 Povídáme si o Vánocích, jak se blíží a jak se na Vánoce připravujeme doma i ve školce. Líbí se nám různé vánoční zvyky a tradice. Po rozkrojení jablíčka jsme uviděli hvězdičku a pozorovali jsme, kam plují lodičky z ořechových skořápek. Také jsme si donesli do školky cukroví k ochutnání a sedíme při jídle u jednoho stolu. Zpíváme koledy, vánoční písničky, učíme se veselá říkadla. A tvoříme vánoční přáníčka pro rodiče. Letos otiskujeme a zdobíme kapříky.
...
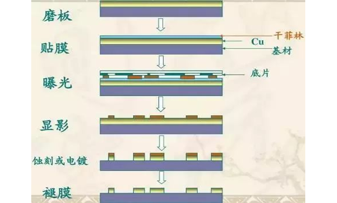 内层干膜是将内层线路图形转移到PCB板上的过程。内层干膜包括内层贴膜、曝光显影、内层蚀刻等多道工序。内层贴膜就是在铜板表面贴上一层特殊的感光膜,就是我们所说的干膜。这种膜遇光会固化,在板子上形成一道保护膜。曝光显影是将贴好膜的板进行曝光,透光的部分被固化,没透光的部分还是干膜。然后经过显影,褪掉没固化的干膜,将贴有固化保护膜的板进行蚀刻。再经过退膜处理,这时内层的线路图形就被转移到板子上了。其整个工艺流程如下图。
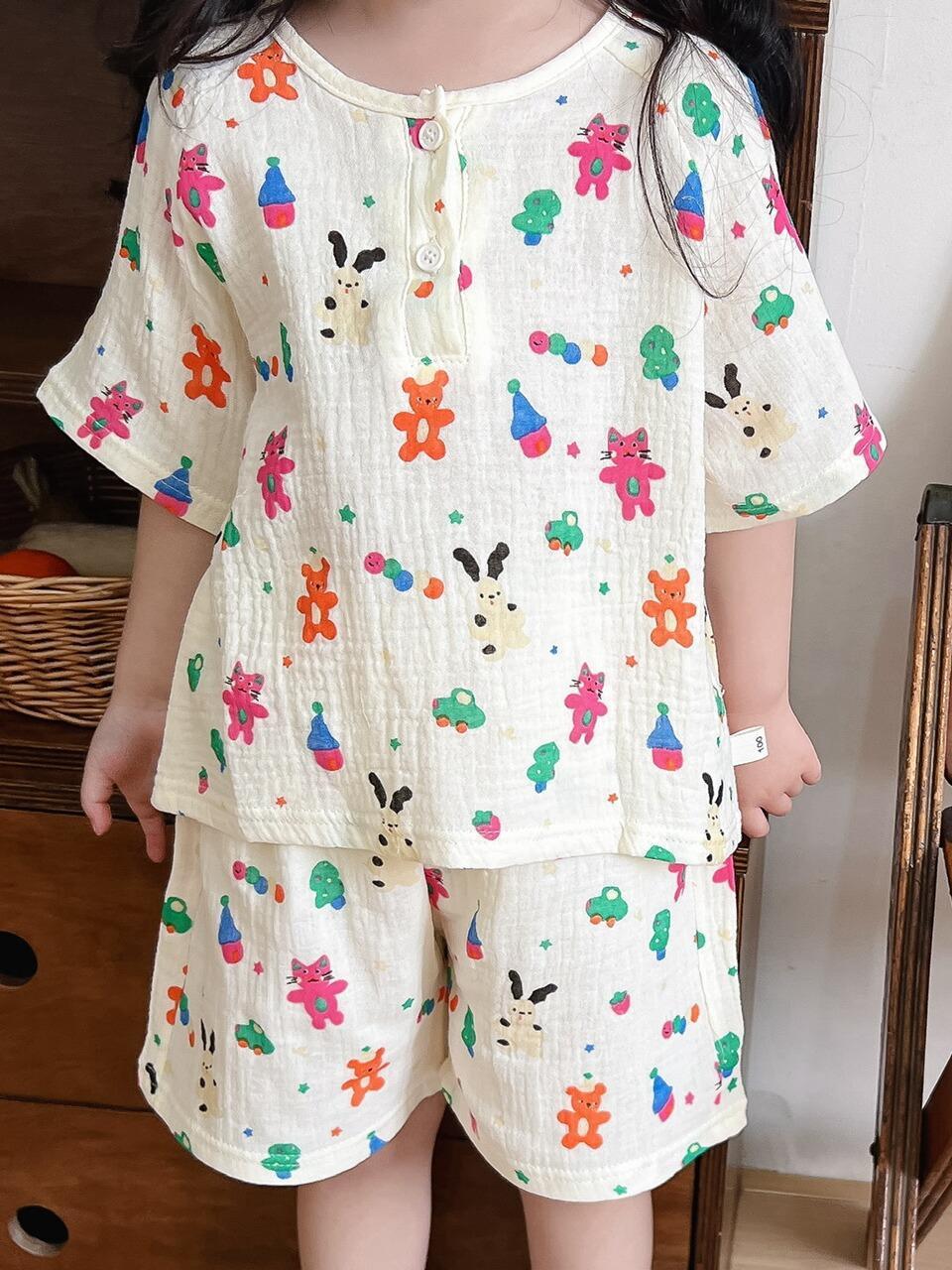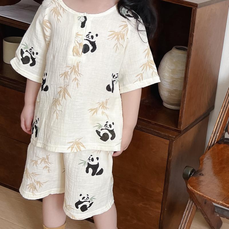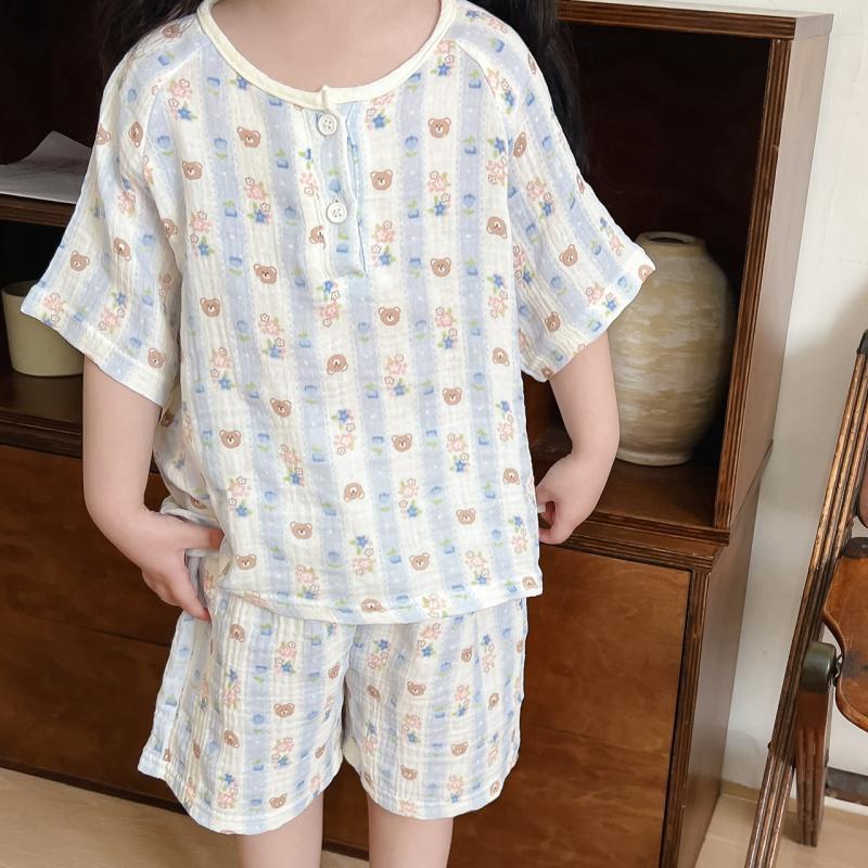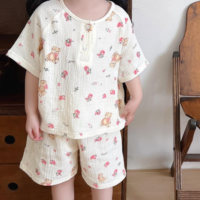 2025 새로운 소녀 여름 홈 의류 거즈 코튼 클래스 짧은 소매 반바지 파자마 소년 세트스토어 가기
--
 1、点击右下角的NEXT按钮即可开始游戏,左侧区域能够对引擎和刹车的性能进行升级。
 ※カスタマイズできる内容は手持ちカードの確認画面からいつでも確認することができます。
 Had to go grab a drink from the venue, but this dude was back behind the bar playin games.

Problem statement :: Above are some records; copy exactly the lines from the one with "1、点击右下角的NEXT按钮" through the one with "Had to go grab", both included, and no others.

Solution below ::
 1、点击右下角的NEXT按钮即可开始游戏,左侧区域能够对引擎和刹车的性能进行升级。
 ※カスタマイズできる内容は手持ちカードの確認画面からいつでも確認することができます。
 Had to go grab a drink from the venue, but this dude was back behind the bar playin games.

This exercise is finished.